All lines from the one holding "N.p.: N.p., 1931." through the last line of the entries below must be transcribed exactly, and no others. Pictures do not go in.

━━ The data

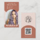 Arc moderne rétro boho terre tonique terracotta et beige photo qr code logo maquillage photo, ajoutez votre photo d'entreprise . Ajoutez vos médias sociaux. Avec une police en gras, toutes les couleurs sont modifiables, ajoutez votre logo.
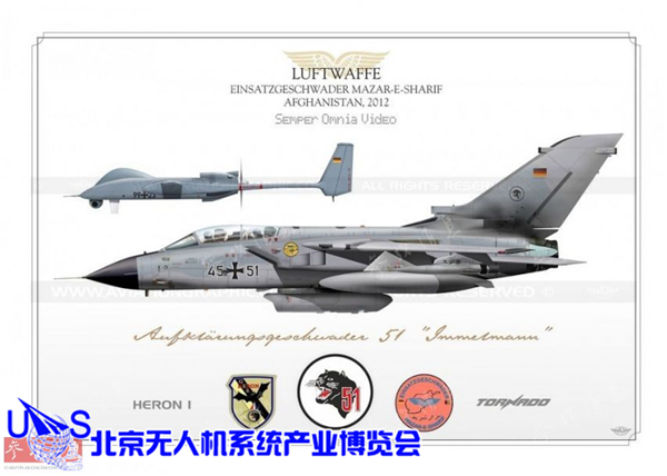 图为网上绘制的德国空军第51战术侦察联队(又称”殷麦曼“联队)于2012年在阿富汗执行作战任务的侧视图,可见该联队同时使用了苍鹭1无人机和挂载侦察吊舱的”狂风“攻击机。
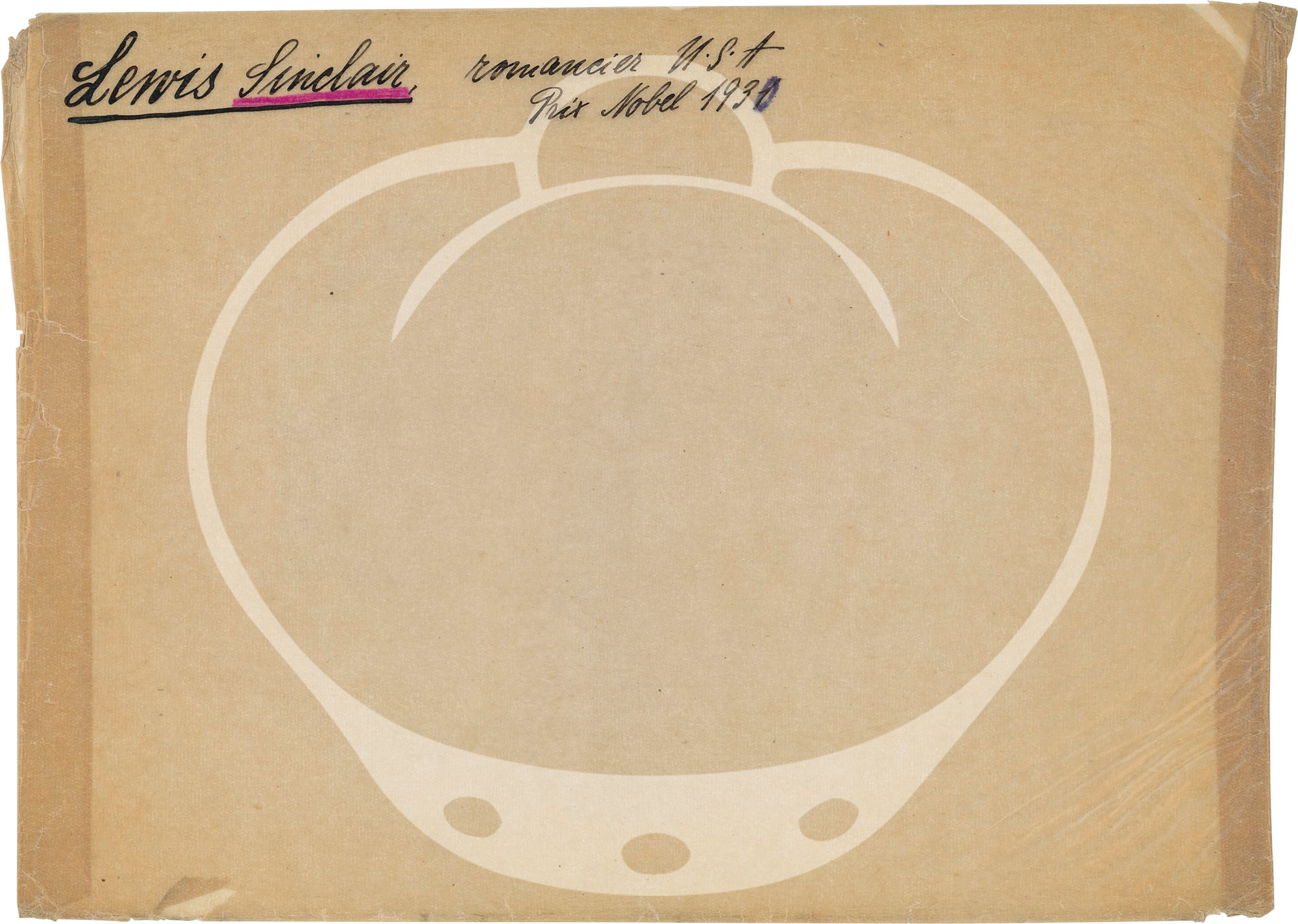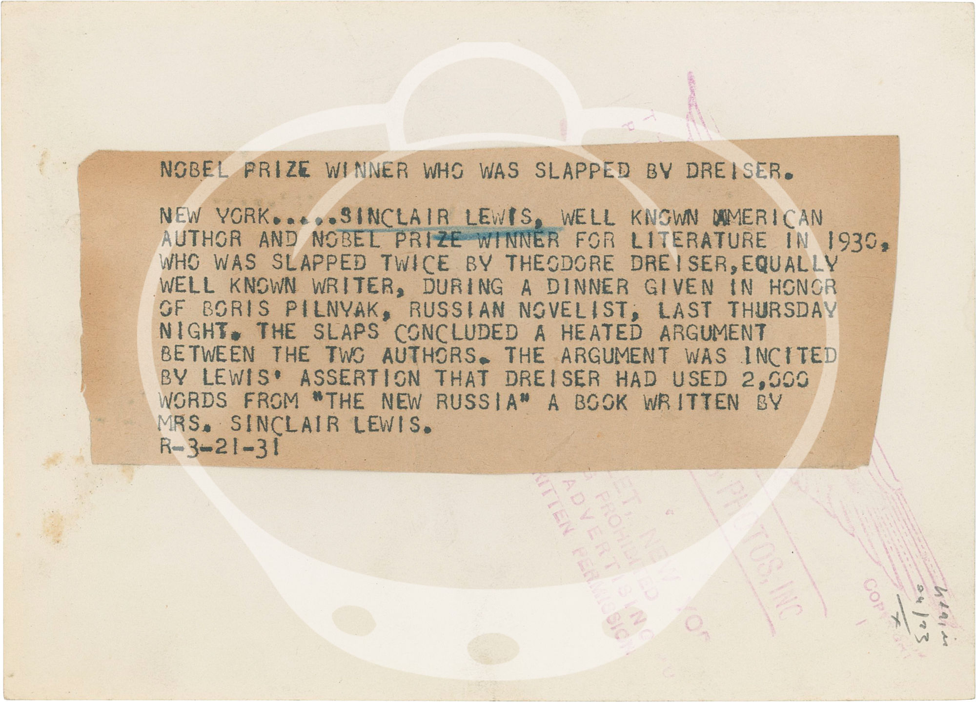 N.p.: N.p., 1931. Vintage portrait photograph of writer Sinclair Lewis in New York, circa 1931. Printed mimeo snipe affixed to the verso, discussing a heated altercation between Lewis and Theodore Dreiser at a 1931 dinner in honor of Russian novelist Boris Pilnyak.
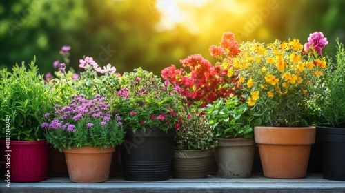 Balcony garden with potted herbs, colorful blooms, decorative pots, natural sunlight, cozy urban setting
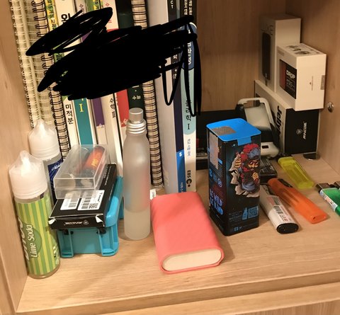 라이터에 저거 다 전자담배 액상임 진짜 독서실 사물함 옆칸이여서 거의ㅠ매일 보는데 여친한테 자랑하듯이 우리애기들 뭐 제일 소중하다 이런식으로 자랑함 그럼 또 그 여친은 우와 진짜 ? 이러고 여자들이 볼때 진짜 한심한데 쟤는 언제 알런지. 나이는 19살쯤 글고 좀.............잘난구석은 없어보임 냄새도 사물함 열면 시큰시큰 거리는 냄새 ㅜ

━━━━

:: Completed exercise ::
 N.p.: N.p., 1931. Vintage portrait photograph of writer Sinclair Lewis in New York, circa 1931. Printed mimeo snipe affixed to the verso, discussing a heated altercation between Lewis and Theodore Dreiser at a 1931 dinner in honor of Russian novelist Boris Pilnyak.
 Balcony garden with potted herbs, colorful blooms, decorative pots, natural sunlight, cozy urban setting
 라이터에 저거 다 전자담배 액상임 진짜 독서실 사물함 옆칸이여서 거의ㅠ매일 보는데 여친한테 자랑하듯이 우리애기들 뭐 제일 소중하다 이런식으로 자랑함 그럼 또 그 여친은 우와 진짜 ? 이러고 여자들이 볼때 진짜 한심한데 쟤는 언제 알런지. 나이는 19살쯤 글고 좀.............잘난구석은 없어보임 냄새도 사물함 열면 시큰시큰 거리는 냄새 ㅜ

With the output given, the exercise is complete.